1/31/2008

Of love and other demons

I doubt my capacity to love. To experience the crushing and elevating sensation that is supposed to sweep me off my feet. I´ve felt it moments before crashing right back down, like the whole sweeping off my feet was just slippery moss on the sidewalk. I´m tired of relationships built on "lets see if this works". It´s like seeing the rollercoaster from the wooden seat of a trolley train that goes around the park. I can´t help but feel that I want that which I don´t have. I want the excitement. The butterflies, the assurance, the feeling deep inside that this.is.it.

I refuse to believe that I´m shackled for the rest of my life to experiencing only the middle, the safe ground, the place where nothing is lost because nothing is risked. I don´t experience this feeling for my family, for my friends, for my partners. It´s like it´s blocked out and hidden. I don´t feel passion, love or devotion for work, for ideals, for a life plan that is meant to work out. I feel comfort. I feel sedated quietness.

What´s wrong with me? why can´t I just give and find my passion? Yesterday I sat down and tried to imagine my future. I was in a beautiful and modern apartment, my cat curled up nearby. I had friends and social events. But no one romantically involved in my life. Funny. I imagine my future and it has me alone, going solo, cats as company. I can´t imagine anyone that would fit into that.

1/30/2008

Procrastination

I am blocked. I have an article to write, all the information is at the tips of my hands. I have videos, an interview and a great story, but I´m lacking in drive to just sit down and write.
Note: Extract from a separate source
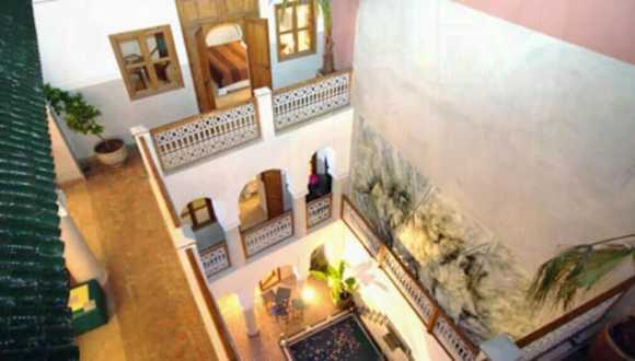 Das Riad Chalymar liegt in der Medina von Marrakesch, ganz in der Nähe des berühmten Djemaa el Fna Platzes. Diese zentrale Lage ermöglicht es Ihnen, die pulsierende Atmosphäre der Stadt zu erleben und die Sehenswürdigkeiten, Märkte und Restaurants bequem zu Fuß zu erkunden. Von der Terrasse des Riads aus haben Sie einen atemberaubenden Blick auf das Atlasgebirge, das die Stadt umgibt.

I guess that´s what writer´s block is all about.

I´ve spent my afternoon fiddling with my cell phone, reading every single feed on my reader, visiting randome websites and playing online games. At a point I just got tired of sitting in front of the screen and being unproductive so I moved to the couch, watched tv and enjoyed not doing anything.

I don´t have deadlines, and that just makes it tougher to keep myself on my toes, or to feel the pressure to finish something. I´ve spent 8 hours trying to look busy, and to feel busy and actually doing nothing.

This week I feel as if my brain has been placed on hold. I´ve been mixing up dates, hours, meetings and people. Like i´ve been wired incorrectly and things that usually aren´t that difficult are impossible to do. Last night I collapsed into bed at 8pm, woke up at 1 and was only able to fall asleep once again at 4:30 am. I can think of at least 1 dozen different solutions, but I think that i´m wanting to be in this mindless state. If I don´t think about it, maybe it won´t happen. Or maybe it will.

1/28/2008

blues

I can´t seem to shake off this lousy mood. I´m tired, and stressed and annoyed. I want to complain, and thankfully this blog gives me the chance to vent, at least a bit.

I´m tired of being moneyless... in spite of working really hard. I know it is just a matter of time. That soon I´ll be receiving monthly paychecks and at least moneywise life will be good, but this has been such a long wait, and on thursday I´ll have to see if a lawsuit will get kickstarted or if the shitty ass company I was freelancing for will decide to pay up what they owe me.

I´m also feeling like there´s so much I won´t ever get done in my life. It´s like I can´t help enough people, or start enough projects to take care of the needy. There are hungry people. There are women without sanitary napkins, there´s anorexia and bulimia, there´s lack of food, there are old people abandoned by their children, left in homes to spend christmas and holidays alone. I love sewing, knitting and crafting. I would love to read more. Anyway.

Good things are happening in my life... Good projects are going on, we´re helping people in our way with our digital literacy courses... but somehow, there´s this emptyness in my stomach that doesn´t let me sleep.

I worry about myself not having money... and I feel like a hypochrite. There are people who have none, and don´t have the chance to work

1/24/2008

I feel the world weighs on me

I don´t know if I´m just tired and haven´t slept enough, but today I feel the weight of the world on my shoulders. I think to myself that there is so much that needs to get done in the world, and I´m doing so very little. My grain of sand today feels very insignificant.